__PROBLEM DETAILS__
From the first line below to the last, reproduce the material exactly and leave out the images.

__PROVIDED DATA__
*-*-*

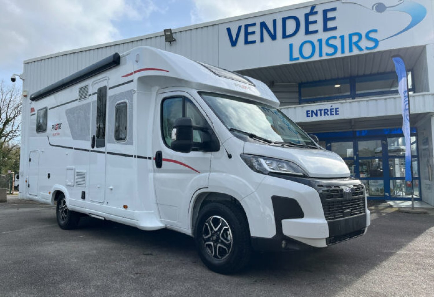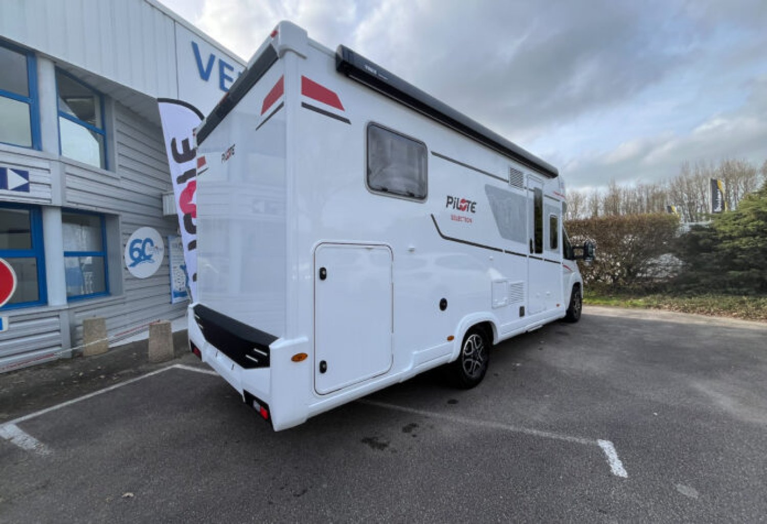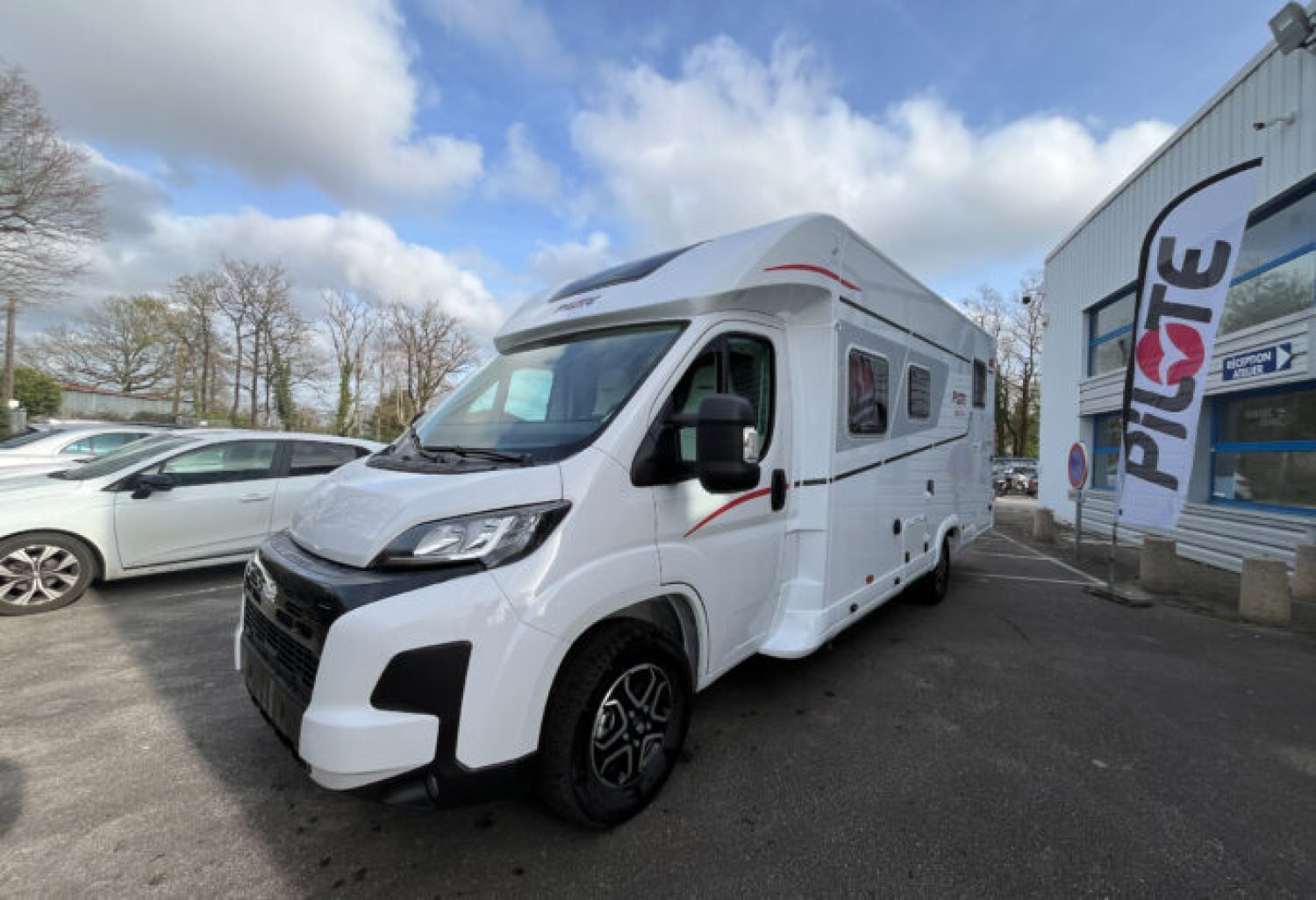 Le Pilote FGJ 720 Selection est un camping-car profilé haut de gamme, reconnu pour son confort et sa fonctionnalité. Implanté sur des lits jumeaux à l’arrière, il offre un bel espace de couchage modulable, ainsi qu’un grand volume de rangement avec soute garage.
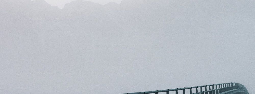 Eine Brücke im Nebel mit Bergen im Hintergrund. Henningsvær, Lofoten, Norwegen.
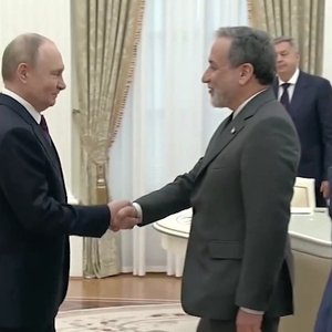 当地时间23日,俄罗斯总统普京在莫斯科会见到访的伊朗外长阿拉格齐。

*-*-*

__OUTPUT OF THE EXERCISE__
 Le Pilote FGJ 720 Selection est un camping-car profilé haut de gamme, reconnu pour son confort et sa fonctionnalité. Implanté sur des lits jumeaux à l’arrière, il offre un bel espace de couchage modulable, ainsi qu’un grand volume de rangement avec soute garage.
 Eine Brücke im Nebel mit Bergen im Hintergrund. Henningsvær, Lofoten, Norwegen.
 当地时间23日,俄罗斯总统普京在莫斯科会见到访的伊朗外长阿拉格齐。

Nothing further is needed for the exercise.